Ten Years Post-Actavis: Lessons Learned and the Future of Reverse Payment Antitrust Cases
Aitor Diago via Getty Images

Ten years have passed since the U.S. Supreme Court’s 2013 landmark decision in FTC v. Actavis, which cleared the path for so-called “reverse payment” settlements between branded drug patent holders and generic manufacturers to face antitrust scrutiny. In a 5-3 decision, Justice Breyer’s majority opinion outlined how reverse payment settlements could be found to be anticompetitive even when the settlement terms do not exceed the scope of the patent. To make this determination, the court’s majority held, these settlements should be evaluated individually, using the rule of reason antitrust standard to determine whether the procompetitive aspects of the settlement outweighed anticompetitive ones.

The majority opinion provided guidance on ways individual settlements could be evaluated under a rule of reason framework. The specifics, however, have been interpreted differently by practitioners and left open issues for continuing debate. In particular, the opinion noted that:

  1. Specific terms and restraints in settlement agreements, particularly as they relate to the entry of generic competitors, have the potential for genuine adverse effects on competition.
  2. Some antitrust consequences will sometimes prove unjustified (e.g., when the payment exceeds the saved litigation expenses or fair value for services).
  3. If a reverse payment settlement can cause anticompetitive harm, the patent holder likely possesses the power to bring that harm about in practice, with the size of the payment serving as a strong indicator of such power.
  4. An antitrust claim may be more administratively feasible than the lower court in Actavis believed.
  5. The fact that a large, unjustified reverse payment risks antitrust liability does not prevent parties from settling their lawsuit.

With respect to the administrative feasibility of these cases, the majority opinion argued it would normally not be necessary to litigate the underlying patent validity to address the antitrust question, which the lower court memorably described as a “turducken” task of deciding a patent case within an antitrust case about the settlement of the patent case. Instead, the majority opined that “an unexplained large reverse payment itself would normally suggest that the patentee has serious doubts about the patent’s survival.” The majority explained further that “the size of the unexplained reverse payment can provide a workable surrogate for a patent’s weakness, all without forcing a court to conduct a detailed exploration of the validity of the patent itself.”

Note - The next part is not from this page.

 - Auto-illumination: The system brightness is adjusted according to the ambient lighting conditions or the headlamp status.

In his dissenting opinion, Chief Justice Roberts argued that this approach would discourage the settlement of patent litigation, noting that the question raised in the case was fundamentally one of patent validity. The dissent also challenged the practicality of the majority’s decision to analyze these settlements under the rule of reason standard. In particular, the Chief Justice claimed that district courts, when faced with a patent settlement that is alleged to be a reverse payment, would be required to weigh the likely anticompetitive effects, redeeming virtues, market power, and potentially offsetting legal considerations. In light of these challenges, Chief Justice Roberts offered two words of advice to the lower courts: “Good luck.”

So how have the district courts fared thus far overseeing these antitrust challenges? Over the past decade, there have been dozens of reverse payment class action cases brought by private litigants. Many of these cases have been dismissed at the class certification stage. Many others have settled prior to or during trial. But in the decade since the Supreme Court’s Actavis decision, only three cases have actually proceeded through trial to a jury verdict.

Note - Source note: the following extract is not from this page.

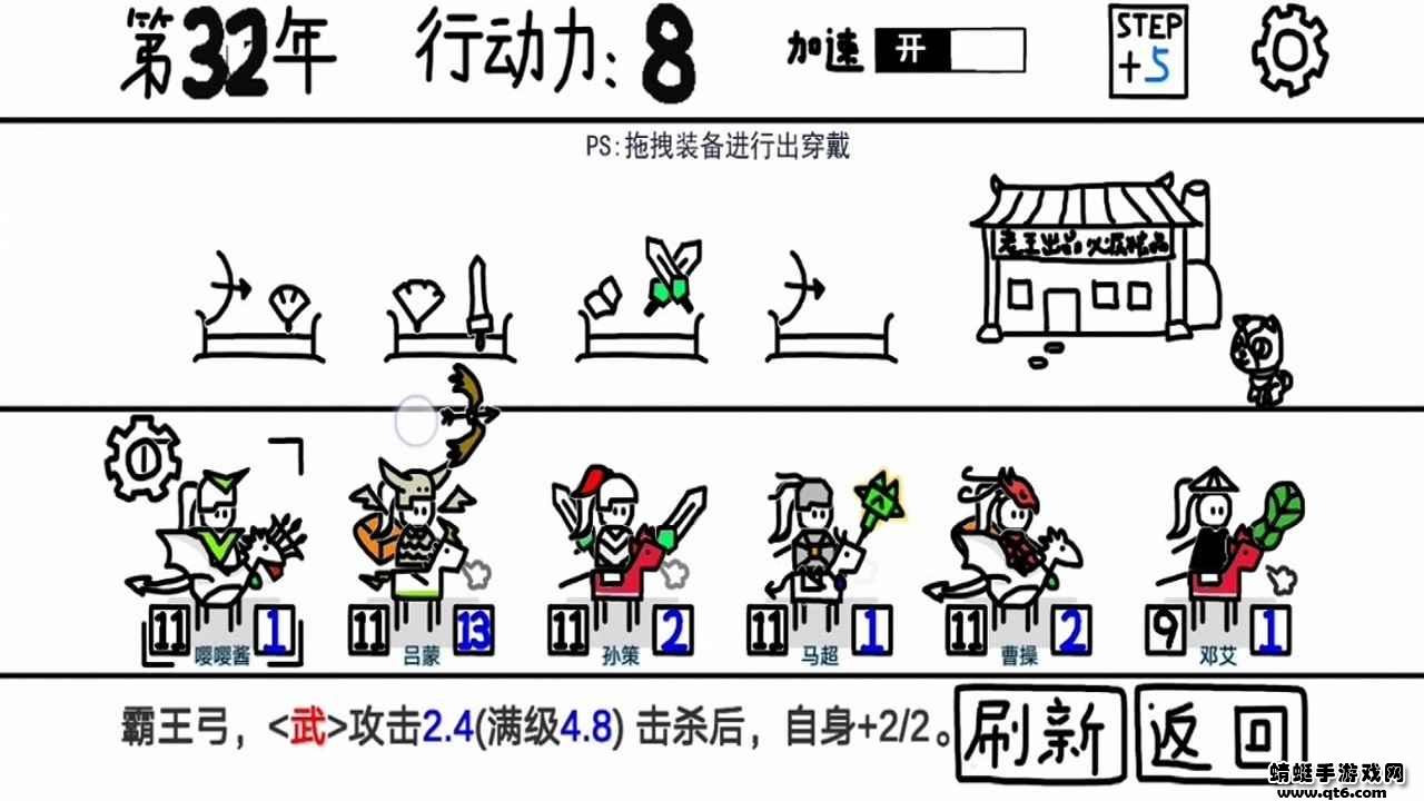 行动力为操作步数,酒馆→招募英雄(英雄分文武、基础属性就两个:攻击和防御),武器店→+攻击,服装店→+防御,马场→+闪避,南北货→药品(+血+基础属性,以及其他奇奇怪怪的东西),初始抽卡大概率会随机给个英雄。一般初始抽卡大概率会给英雄,当然给行动力也没关系,都是要在酒馆进行招募的,招募后按照刚刚那些说明给英雄加属性,(噢,三国主题,三国知名人物属性都蛮高的。另外注意每一步操作都会消耗行动力,所以一定要想好再动),然后点击“下一年”就是进入战斗,战斗胜利会进入下一年并给行动力,继续招募、养成,哦对,战斗也是会加经验的,点击页面左侧的按钮可以看各英雄属性以及武器等级。

This article reviews some of the key findings from these three cases, summarizes lessons from the proceedings, and considers what may be ahead.

In re: Nexium (Esomeprazole) Antitrust Litigation (“Nexium”)

In 2014, Nexium became the first reverse payment case to proceed through trial after the Actavis decision. In this case, the plaintiffs – which included a class of direct purchasers, a class of end-payors, and a group of pharmaceutical retail outlets – alleged that defendant AstraZeneca, the manufacturer of the heartburn medication Nexium, had made payments to Ranbaxy, a generic manufacturer that had challenged a set of AstraZeneca’s Nexium patents. The plaintiffs argued that these alleged payments stemmed from terms of the patent litigation settlement agreement, which included a condition that AstraZeneca would refrain from launching an authorized generic version of the Nexium product. Under this “no-AG” clause, Ranbaxy would serve as AstraZeneca’s subcontractor and manufacture certain quantities of branded Nexium, and also serve as AstraZeneca’s distributor for authorized generic versions of two other AstraZeneca drugs. The plaintiffs alleged that these terms were actually payments from AstraZeneca to Ranbaxy to delay Ranbaxy’s generic Nexium entry for a period of approximately six years.

After deliberating for two and a half days, the jury found that AstraZeneca had exercised market power within the relevant market, that the AstraZeneca-Ranbaxy settlement agreement did include a large and unjustified payment, and that the settlement between the parties was “unreasonably anticompetitive.” However, the jury also found that the plaintiffs did not successfully prove that, absent the settlement, AstraZeneca and Ranbaxy would have agreed to an earlier generic entry date. There was, therefore, no antitrust injury to the plaintiffs. The plaintiffs appealed the outcome to the U.S. Court of Appeals for the First Circuit, which upheld the jury’s verdict in favor of the defense.

Nexium highlights not only the complexity of these cases but also the challenge courts and parties face when trying these matters in front of a jury. A key component to the case was the plaintiffs’ decision to forego arguing that the generic manufacturers would have won the underlying patent litigation (i.e., proving a patent case inside of an antitrust case), arguing instead that, absent the challenged settlement agreement, the parties would have reached an alternative settlement permitting earlier generic entry. Ultimately, the jury determined that the plaintiffs had not proven this element of their case; as a result, there was no finding that they had suffered any harm caused by the settlement agreement. Nexium, therefore, demonstrates that the burden is on private plaintiffs to prove not just an antitrust violation – harm to competition – but also harm to plaintiffs. The failure to prove the latter part of this standard ultimately doomed the plaintiffs’ case.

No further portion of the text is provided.